Но в ту ночь все они видели сны о несказанном. Я усердно подглядывал и совершенно точно видел Элиз в реке, пытавшуюся одновременно и утопить свою мать, и реанимировать ее, и Айви, отбивавшуюся от змей в овраге. Доджу снились давно умершие собаки, а Грейсон видел во сне отца, кричавшего на него на футбольном поле. Аде же снилось, будто она сидит на коленях у своего папы, а ноги у нее из бетона и поэтому она не может пошевелиться.
Моя Ада. Моя Элиз. Элиз не могла уехать далеко от Видалии и, давайте посмотрим правде в глаза, от меня. От моих запахов, моих комнат, моих замков. Чарлз решил, что она поступит в Баптистский колледж в штате Миссисипи. Блу-Маунтин колледж находился рядом с Тупело, всего в часе езды по Натчез-Трейс-паркуэй, но можно было подумать, что девушку отправили на Северный полюс, если посчитать, сколько раз мы ее видели. Чарлз мог не беспокоиться, что Элиз, покинув Видалию, потеряет веру в Бога. После своего стремительного бегства из города единственным отцом, на которого она обращала внимание, был Господь.

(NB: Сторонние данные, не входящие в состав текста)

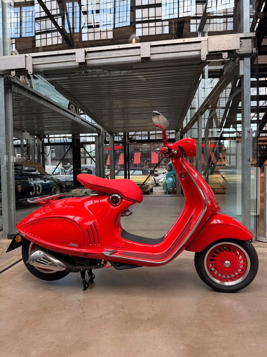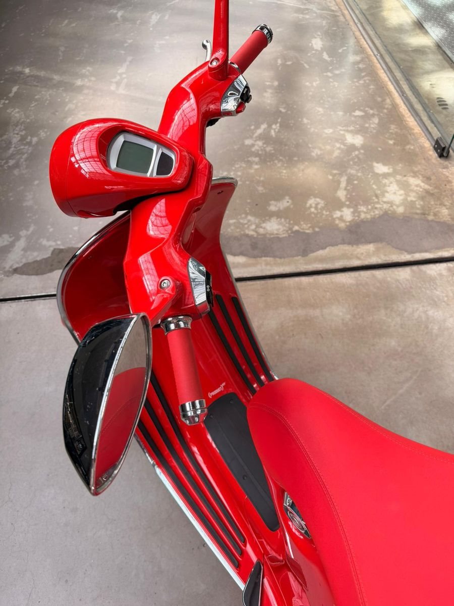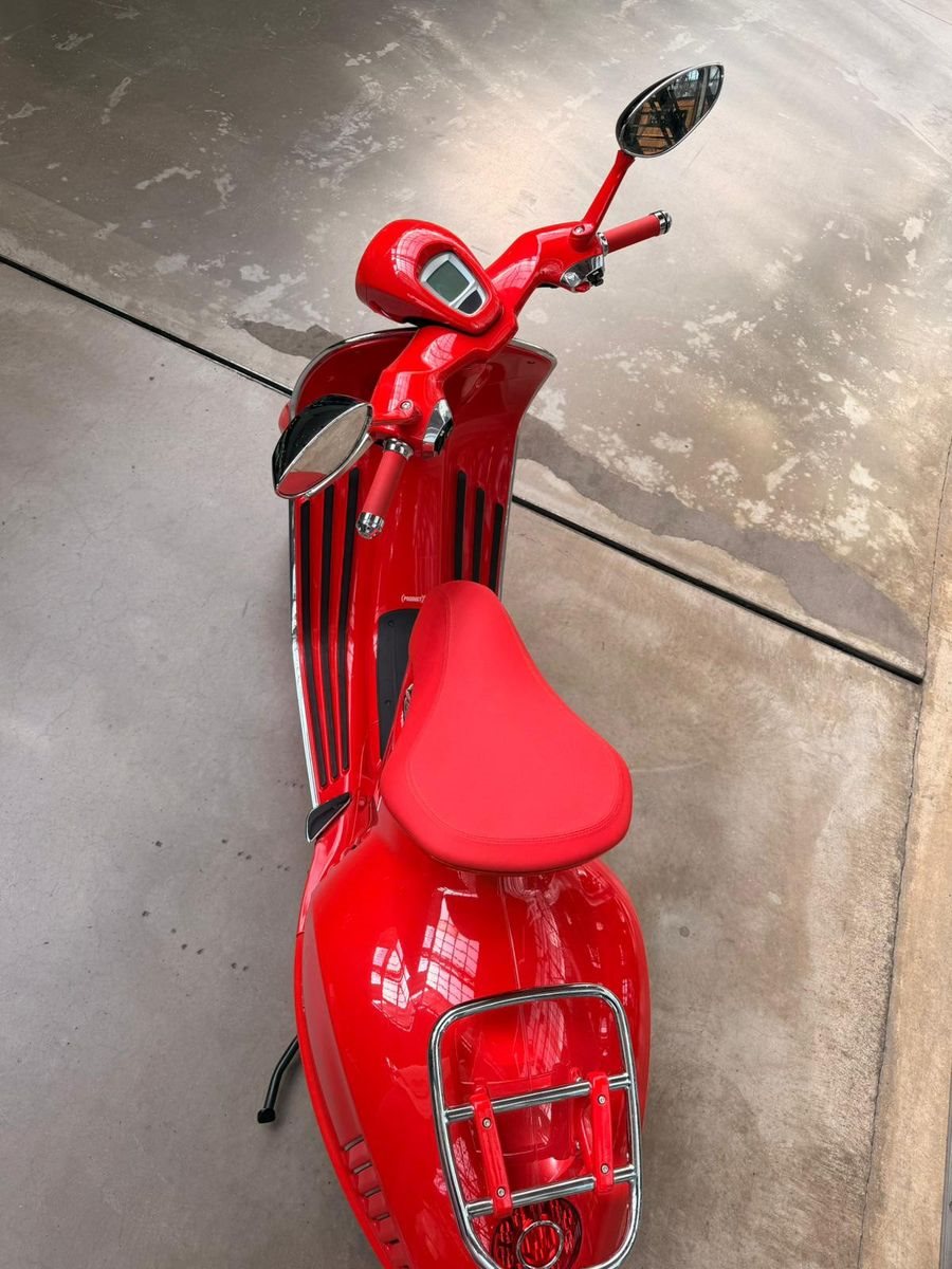 Die Vespa 946 gehört zu den exklusivsten Modellen der Marke und verbindet ikonisches italienisches Design mit hochwertiger Verarbeitung. Die komplett rote RED Edition ist eine besondere Sonderversion, bei der ein Teil des Verkaufserlöses ursprünglich an den Global Fund zur Bekämpfung von AIDS, Tuberkulose und Malaria ging.

Поначалу она придумывала отговорки, почему не приезжает на День благодарения (экзамены) или на Рождество (турне с христианской группой «Иерихон!»), а потом перестала звонить и просто присылала банальные открытки с символикой кампуса. «Всё в порядке, всем дома большие приветы. Элиз». Взбешенный Чарлз перестал платить за ее обучение, но летнее место консультанта в «Лагере Воскресающего Сына», скромная стипендия и работа официанткой во время семестра помогали Элиз сводить концы с концами. Общалась она только с Айви. Сестры встречались за молочными коктейлями в городке на полпути между Видалией и Тупело, и Айви возвращалась с этих тайных встреч нагруженная молитвенными брошюрами от Элиз, которые прямиком отправляла в мусорный бак. Если для Элиз спасением был Иисус, то для Айви – удовольствие. Обе великолепно пели, от их слаженного дуэта мурашки бежали по телу. В пятнадцать лет Айви бросила церковный хор и предложила свое божественное сопрано и огненно-рыжие волосы соседнему дешевому бару, где ее друг-байкер, постарше ее, бесперебойно снабжал девочку «Арсиколой» с ромом и отшивал напористых поклонников, часто в те же вечера, когда Элиз в брюках-клеш пела христианские популярные песни в цокольном этаже церквей по всей стране.
Ада всегда недоумевала, что заставило Элиз вернуться в Видалию, но для меня это тайны не составляло. Папс уже год как лежал в могиле. Элиз на похороны не приехала (Айви же почтила их своим присутствием мертвецки пьяной). Увидев Элиз, я был потрясен произошедшей в ней переменой. Чтобы выдержать возвращение домой, ей пришлось кое-что упрятать глубоко внутрь. Она вернулась в Видалию, но с тем же успехом могла находиться в Тибете. Это убивало Аду, но она была чересчур напугана, чтобы что-то сказать: боялась, что Элиз снова уедет. Но Элиз все равно уехала, вышла замуж за янки, Криса Кригстейна, затем отправилась еще дальше: в Атланту, Лондон, затем в Германию. Задала Аде жару, заставив ее разбираться с телефонными кодами и часовыми поясами.